Deploying DeepSeek R1 with Ray and vLLM: A Practical Guide
This guide walks through deploying DeepSeek R1 using Ray and vLLM, focusing on a basic but functional setup using standard ethernet rather than InfiniBand. While I've been using this setup successfully, your mileage may vary depending on your specific infrastructure.
Prerequisites
- At least 2 nodes with H100 GPUs (required for FP8 support)
- ~1TB disk space recommended
- Standard ethernet connections between nodes
- Basic familiarity with conda environments
Node Setup and Dependencies
First, connect to your nodes using ssh. You might want to use the following port forwarding for what you want the head node to be, since those ports will be what we use for curl and a cool-looking admin dashboard later on:
ssh <head-node> -L 8000:localhost:8000 -L 8265:localhost:8265
For the worker node, a standard SSH connection is sufficient:
ssh <worker-node>
On both nodes, install the required dependencies:
Verify CUDA version (should be 12.2 for H100 nodes):
nvidia-smi
Install PyTorch with CUDA support:
conda install pytorch torchvision torchaudio pytorch-cuda=12.4 -c pytorch -c nvidia
Install additional dependencies:
conda install vllm ray transformers
Model Deployment
1. Download Weights
huggingface-cli download deepseek-ai/DeepSeek-R1 --local-dir .
2. Configure Head Node
Set up NCCL for ethernet-based communication:
export NCCL_P2P_DISABLE=1
export NCCL_IB_DISABLE=1
export NCCL_SOCKET_IFNAME=bond0
If you want to use InfiniBand, you can do so by not setting these
environment variables and instead setting the
NCCL_P2P_DISABLE
and NCCL_IB_DISABLE
environment variables to 0. Good luck!
Start the Ray head node:
ray start --block --head --port=6379
3. Configure Worker Node
Connect the worker to the head node using the address shown in the head node's output logs:
ray start --block --address=<head-node-ip>:<port>
4. Launch vLLM on the head node
Launch vLLM with tensor parallelism:
vllm serve r1/ --tensor-parallel-size 16 --max-model-len 48000 --trust-remote-code
With two nodes, we don't have enough VRAM for the KV cache of the
full model. So we set a max-model-len
of 48000 tokens.
Testing the Deployment
Test the deployment using curl:
curl http://localhost:8000/v1/chat/completions \
-H "Content-Type: application/json" \
-d '{
"model": "r1/",
"messages": [{"role": "user", "content": "How many Rs are there in strawberry?"}],
"max_tokens": 2000,
"temperature": 0.7
}' | jq -r '.choices[0].message.content'
Example Response
The model provided this detailed (and somewhat amusing) response:
<<think>
Okay, so the user is asking how many Rs are there in the word "strawberry". Hmm, first I need to make sure I spell the word correctly. Let's see: strawberry is spelled S-T-R-A-W-B-E-R-R-Y. Wait, the user wrote "strawberry" instead of strawberry. That's a typo, right? The correct spelling is strawberry with two Rs. But the user might have a typo in the question. Let me check the original question again. They wrote "strawberry". So, that's S-T-R-A-W-B-E-R-R-Y. So how many Rs are there in "strawberry"? Let's break it down letter by letter.
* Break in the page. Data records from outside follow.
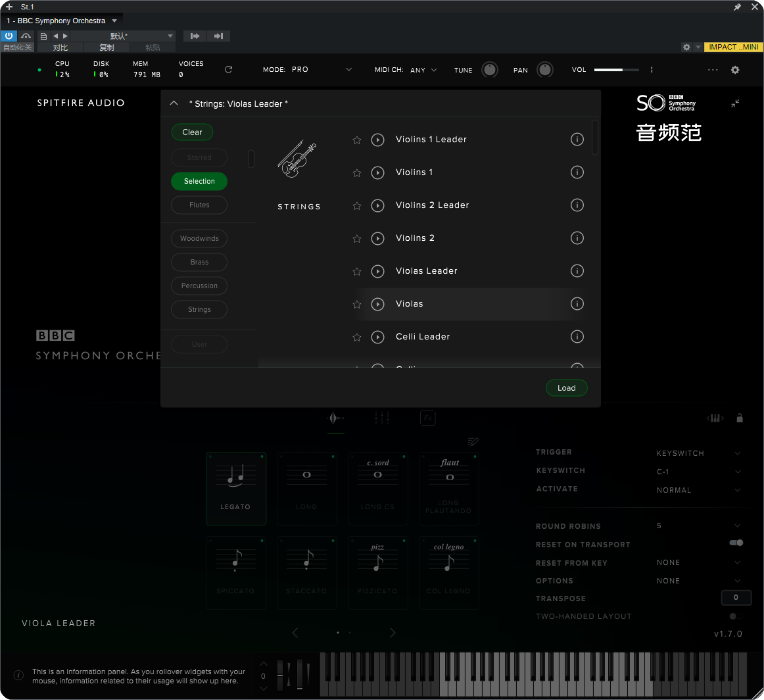 BBCSO 使用 Spitfire 自研插件加载,无需额外采样器。界面直观、可调节混响、动态、力度曲线,并支持 MIDI CC、NKS 及主流 DAW 自动化。
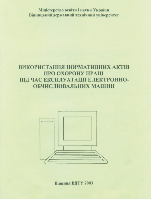 Використання нормативних актів про охорону праці під час експлуатації електронно-обчислювальних машин [Електронний ресурс] : довідник / МОН України ; уклад. Є. А. Бондаренко. – Електрон. текстові дані. – Вінниця : ВДТУ, 2003.
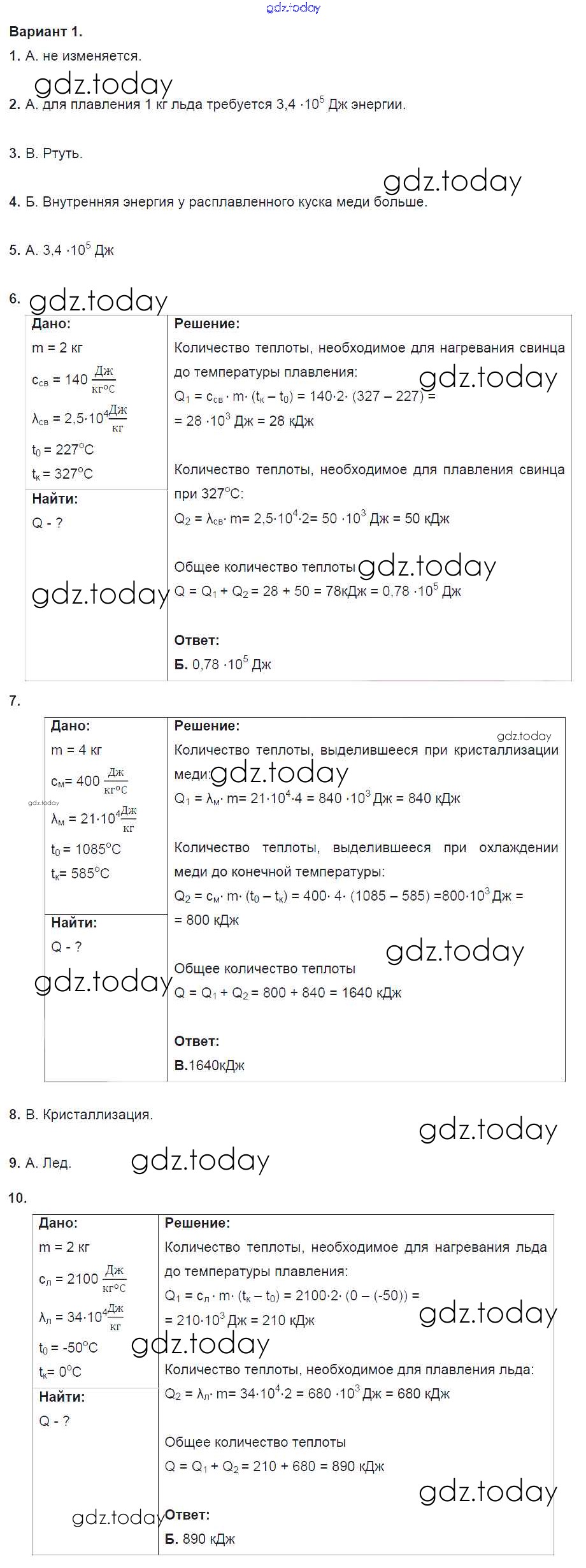 Ответы к Тест №3. Плавление и отвердевание. Варианты Решение к тестам для самоконтроля 1 Дидактическим материалам по Физике для 8 класса Марон Дрофа Вертикаль 2016
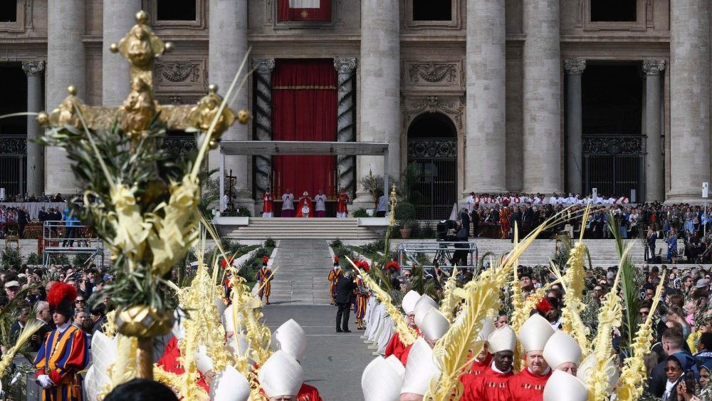 U prisutnosti oko 60.000 vjernika, slavlje Nedjelje muke Gospodnje koje je predvodio papa Franjo započelo je spomenom ulaska Gospodinova u Jeruzalem, o kojemu je pročitan odlomak iz Markova Evanđelja, a koji je prethodio misnom slavlju. Papa je blagoslovio i svetom vodom poškropio maslinove grančice, simbol današnjeg dana, koje su vjernici okupljeni na Trgu svetoga Petra držali u rukama. Uslijedila je procesija, od središta trga prema bazilici, s više od 400 „palmonoša“.
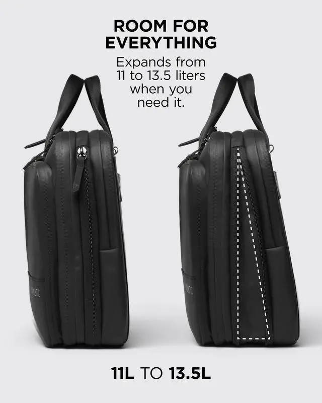 ^^ Expandable Storage Space: Easily switch from 11L to 13.5L to fit your days needs. This versatile laptop bag adapts to your workflow with smart internal organization and quick-access compartments.

Starting with the letters: S, T, R, A, W, B, E, R, R, Y. So from S to Y, let's count each R. The third letter is R. Then after B and E, there's R, R. So positions 3, 8, and 9. Wait, wait, in "strawberry" as the user wrote, which is missing a letter perhaps? Wait, the correct spelling is S-T-R-A-W-B-E-R-R-Y, which has two Rs at the end. But in the correct spelling, there's an R after B-E, then double R? Let me check. Strawberry is S-T-R-A-W-B-E-R-R-Y. So after the B comes E, then R, R, Y. So that's two Rs at the end. But the user's spelling is "strawberry", which they might have meant strawberry, but even if they typed "strawberry" correctly, how many Rs are there?
[...extensive thinking process continues...]
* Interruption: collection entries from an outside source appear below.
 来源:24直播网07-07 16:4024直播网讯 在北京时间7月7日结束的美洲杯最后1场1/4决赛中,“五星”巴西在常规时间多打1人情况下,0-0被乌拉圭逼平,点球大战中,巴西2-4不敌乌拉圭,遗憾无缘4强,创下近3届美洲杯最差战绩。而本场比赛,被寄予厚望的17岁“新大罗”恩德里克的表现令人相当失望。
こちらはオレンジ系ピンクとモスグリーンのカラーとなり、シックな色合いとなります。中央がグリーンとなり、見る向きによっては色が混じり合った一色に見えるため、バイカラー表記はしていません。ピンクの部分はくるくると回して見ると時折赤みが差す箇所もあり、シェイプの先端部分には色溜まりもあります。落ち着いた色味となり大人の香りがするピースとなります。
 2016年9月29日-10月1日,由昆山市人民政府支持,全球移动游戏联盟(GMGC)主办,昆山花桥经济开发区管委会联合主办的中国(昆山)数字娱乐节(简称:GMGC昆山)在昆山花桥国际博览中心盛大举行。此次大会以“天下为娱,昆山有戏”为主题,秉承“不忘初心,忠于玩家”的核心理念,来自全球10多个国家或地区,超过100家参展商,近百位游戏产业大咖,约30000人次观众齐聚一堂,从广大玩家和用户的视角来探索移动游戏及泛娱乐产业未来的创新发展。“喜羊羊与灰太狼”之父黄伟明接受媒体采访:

So I think the answer is three.
</think>
In the word "strawberry," there are **3 R's**. Breaking it down:
- **S**
- **T**
- **R** (1st R)
- **A**
- **W**
- **B**
- **E**
- **R** (2nd R)
- **R** (3rd R)
- **Y**
So the letters are: **S, T, R, A, W, B, E, R, R, Y**. The R's appear at positions 3, 8, and 9.
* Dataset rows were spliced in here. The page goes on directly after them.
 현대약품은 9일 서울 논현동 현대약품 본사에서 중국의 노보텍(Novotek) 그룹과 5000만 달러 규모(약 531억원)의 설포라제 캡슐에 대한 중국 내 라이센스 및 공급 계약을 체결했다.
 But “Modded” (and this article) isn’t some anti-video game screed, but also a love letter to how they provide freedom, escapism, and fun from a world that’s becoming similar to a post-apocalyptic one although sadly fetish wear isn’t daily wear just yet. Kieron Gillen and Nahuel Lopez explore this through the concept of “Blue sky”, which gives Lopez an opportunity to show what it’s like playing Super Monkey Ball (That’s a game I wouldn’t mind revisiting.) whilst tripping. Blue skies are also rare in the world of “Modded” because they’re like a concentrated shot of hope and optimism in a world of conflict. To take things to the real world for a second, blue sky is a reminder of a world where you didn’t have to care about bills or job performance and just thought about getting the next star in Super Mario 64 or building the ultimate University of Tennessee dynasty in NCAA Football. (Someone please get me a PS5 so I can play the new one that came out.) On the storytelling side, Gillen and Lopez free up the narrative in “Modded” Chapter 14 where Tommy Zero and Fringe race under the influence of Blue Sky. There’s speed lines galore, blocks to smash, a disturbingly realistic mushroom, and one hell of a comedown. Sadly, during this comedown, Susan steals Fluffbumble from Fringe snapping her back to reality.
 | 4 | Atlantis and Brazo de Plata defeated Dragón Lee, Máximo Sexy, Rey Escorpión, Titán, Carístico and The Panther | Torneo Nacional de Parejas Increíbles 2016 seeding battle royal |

This response demonstrates how the model methodically breaks down even simple questions in a—honestly–insane amount of tokens.
Performance
In initial testing, the model achieves a generation throughput of about 8.4 tokens per second. While this might seem modest, it's worth noting that we're running with small batch sizes, using only 0.4% of our GPU KV cache. In addition, we aren't running with InfiniBand but standard ethernet, so the synchronization overhead is higher and affecting our performance. To be continued...
Dependencies
For reproducibility, here are the key versions of the dependencies used in this guide:
- vllm==0.6.6.post1
- ray==2.40.0
- torch==2.5.1
- transformers==4.48.0